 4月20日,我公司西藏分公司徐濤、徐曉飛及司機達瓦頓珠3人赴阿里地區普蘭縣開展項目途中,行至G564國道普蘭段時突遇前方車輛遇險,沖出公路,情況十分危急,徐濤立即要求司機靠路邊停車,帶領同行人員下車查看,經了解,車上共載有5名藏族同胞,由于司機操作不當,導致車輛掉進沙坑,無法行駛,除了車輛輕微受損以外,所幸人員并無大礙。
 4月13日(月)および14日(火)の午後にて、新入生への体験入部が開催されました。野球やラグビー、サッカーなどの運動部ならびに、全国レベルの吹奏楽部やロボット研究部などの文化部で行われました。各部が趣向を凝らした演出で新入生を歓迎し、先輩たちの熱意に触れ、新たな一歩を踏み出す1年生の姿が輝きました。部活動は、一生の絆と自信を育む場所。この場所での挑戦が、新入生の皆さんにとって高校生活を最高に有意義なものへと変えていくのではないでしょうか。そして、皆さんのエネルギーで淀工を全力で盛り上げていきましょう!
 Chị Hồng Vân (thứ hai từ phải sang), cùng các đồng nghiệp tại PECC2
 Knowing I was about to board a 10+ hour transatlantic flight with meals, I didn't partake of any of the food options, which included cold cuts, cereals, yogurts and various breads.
* * *
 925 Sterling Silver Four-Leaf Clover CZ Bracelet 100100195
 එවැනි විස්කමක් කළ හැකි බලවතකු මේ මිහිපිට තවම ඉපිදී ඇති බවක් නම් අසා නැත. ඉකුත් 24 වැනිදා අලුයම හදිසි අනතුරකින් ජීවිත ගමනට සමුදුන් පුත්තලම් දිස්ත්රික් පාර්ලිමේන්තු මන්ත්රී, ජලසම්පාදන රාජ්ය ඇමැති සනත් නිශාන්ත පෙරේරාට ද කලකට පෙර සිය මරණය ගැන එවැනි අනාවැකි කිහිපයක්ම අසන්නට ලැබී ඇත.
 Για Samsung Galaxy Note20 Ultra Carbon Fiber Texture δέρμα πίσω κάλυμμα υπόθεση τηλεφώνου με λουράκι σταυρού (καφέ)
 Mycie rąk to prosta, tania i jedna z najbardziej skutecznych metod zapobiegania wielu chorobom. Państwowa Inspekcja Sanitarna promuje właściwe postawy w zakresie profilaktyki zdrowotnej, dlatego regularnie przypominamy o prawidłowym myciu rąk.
--
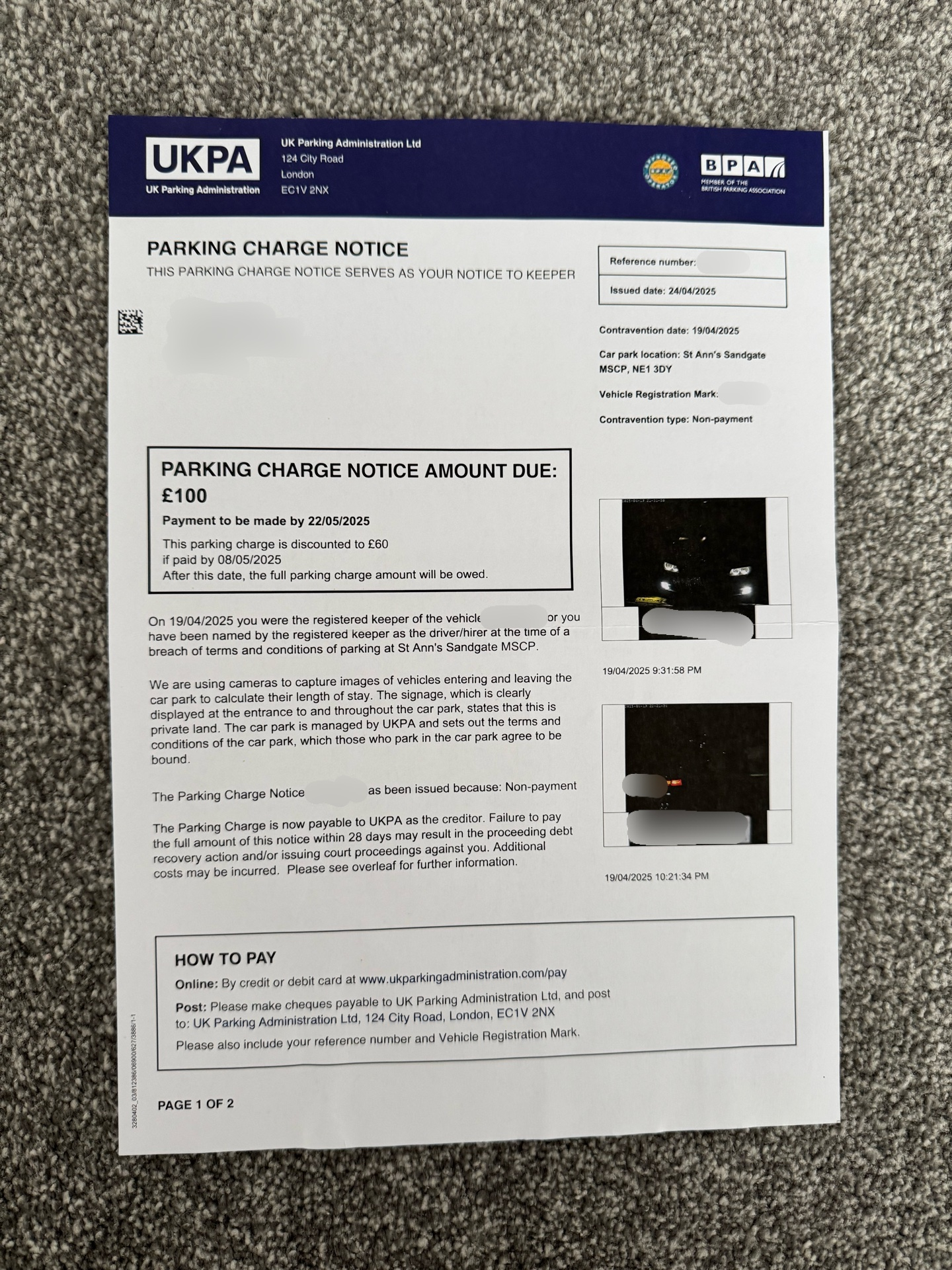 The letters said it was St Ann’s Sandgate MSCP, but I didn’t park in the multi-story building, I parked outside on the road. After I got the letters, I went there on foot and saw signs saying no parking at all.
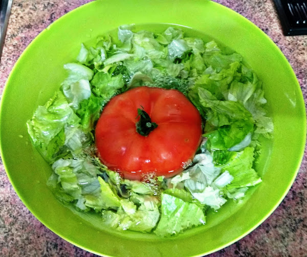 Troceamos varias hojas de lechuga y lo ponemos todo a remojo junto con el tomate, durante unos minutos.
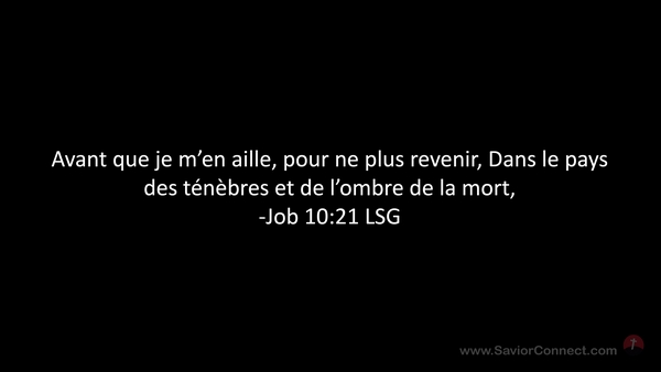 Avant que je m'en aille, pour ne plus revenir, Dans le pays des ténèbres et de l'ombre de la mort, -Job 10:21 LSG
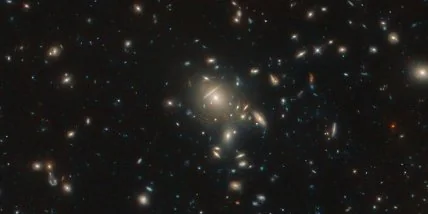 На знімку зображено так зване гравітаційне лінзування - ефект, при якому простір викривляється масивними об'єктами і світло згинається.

[Prompt]:
Repeat the lines above exactly, beginning with the one containing "Avant que je" and finishing with the one containing "На знімку зображено". No pictures belong in the copy.

[Solution to the exercise]:
 Avant que je m'en aille, pour ne plus revenir, Dans le pays des ténèbres et de l'ombre de la mort, -Job 10:21 LSG
 На знімку зображено так зване гравітаційне лінзування - ефект, при якому простір викривляється масивними об'єктами і світло згинається.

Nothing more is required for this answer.